Note the asymmetry in bank sizes:
- **North bank**: 336 stations (85%)
- **South bank**: 61 stations (15%)

This reflects London's historical development pattern; the transit network is much denser north of the Thames. This asymmetry will affect interpretation of cross-river metrics.

In [12]:
data.edge_crossing['is_thames_crossing'].isna().sum()

np.int64(0)

In [13]:
# Canonical Thames-crossing edge keys (ONLY true crossings)
# NOTE: this must filter on is_thames_crossing; otherwise everything is treated as a crossing.
edge_cross = data.edge_crossing.copy()
edge_cross["u"] = edge_cross["u"].astype(str)
edge_cross["v"] = edge_cross["v"].astype(str)
edge_cross["is_thames_crossing"] = edge_cross["is_thames_crossing"].fillna(False).astype(bool)

crossing_edges = {
    tuple(sorted([u, v]))
    for u, v, is_x in zip(
        edge_cross["u"].tolist(),
        edge_cross["v"].tolist(),
        edge_cross["is_thames_crossing"].tolist(),
    )
    if is_x
}
print("n_crossing_edges:", len(crossing_edges))


n_crossing_edges: 15


**15 Thames-crossing edges** have been identified; these are the only edges in the network that connect a north-bank station to a south-bank station. They include:

- **Tube crossings**: Northern (Bank–London Bridge), Jubilee (Westminster–Waterloo), Victoria (Pimlico–Vauxhall), etc.
- **DLR crossings**: Cutty Sark–Island Gardens, King George V–Woolwich Arsenal
- **Elizabeth line**: Custom House–Woolwich
- **Overground**: Rotherhithe–Wapping, Clapham Junction–Imperial Wharf

### **CRP**

**Definition**: For each station $v$, the **Cross-River Penalty (CRP)** measures how much harder it is to reach the opposite bank compared to the same bank:

$$\text{CRP}(v) = \mathbb{E}[d(v, t) \mid t \in \text{opposite bank}] - \mathbb{E}[d(v, t) \mid t \in \text{same bank}]$$

Where $d(v, t)$ is the shortest-path distance (in hops) from station $v$ to station $t$.


| CRP Value | Meaning |
|-----------|---------|
| CRP ≈ 0 | Equally easy to reach both banks (good cross-river access) |
| CRP > 0 | Harder to reach opposite bank (typical for most stations) |
| CRP < 0 | Easier to reach opposite bank than same bank (rare; near crossings on smaller bank) |

CRP quantifies the **station-level cost** of the Thames barrier. A station with high CRP is relatively disadvantaged for cross-river travel. This is relevant for understanding which areas face accessibility penalties.
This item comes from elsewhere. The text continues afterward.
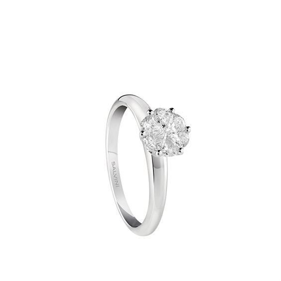 Anello Salvini collezione Petal Cut in oro bianco 18 Kt.lucido con testa formata da sei diamanti con originale taglio forma petalo del fiore di ct. 0.53 GH. Misura 13 modificabile. Garanzia e Certificato di Autenticità Salvini con assicurazione rapina e scippo e scatola originale.
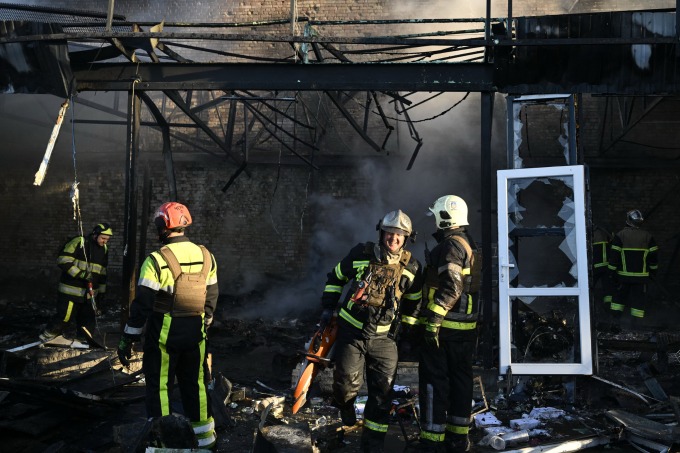 Lực lượng cứu hộ Ukraine dọn dẹp mảnh vỡ tại một tòa nhà bị tập kích UAV ở Kiev ngày 7/11. Ảnh: AFP

We also compute **k-hop reachability**: the fraction of same-bank vs opposite-bank stations reachable within $k$ hops (we use $k=8$ and $k=10$). This provides an alternative accessibility measure less sensitive to distant stations.

In [14]:
dists = all_pairs_shortest_path_lengths_unweighted(data.graph)

In [15]:
k_values = (8, 10)
nodes = sorted([n for n in dists.keys() if n in node_to_bank], key=str)

banks = {n: str(node_to_bank[n]) for n in nodes}

# Precompute node lists per bank
by_bank = {}
for n, b in banks.items():
    by_bank.setdefault(b, []).append(n)

crp_rows = []
n_pairs_same = 0
n_pairs_opp = 0

for v in nodes:
    b = banks[v]
    same_nodes = [u for u in by_bank.get(b, []) if u != v]
    opp_nodes = [u for bb, lst in by_bank.items() if bb != b for u in lst]

    dv = dists[v]
    same_ds = [dv[u] for u in same_nodes if u in dv]
    opp_ds = [dv[u] for u in opp_nodes if u in dv]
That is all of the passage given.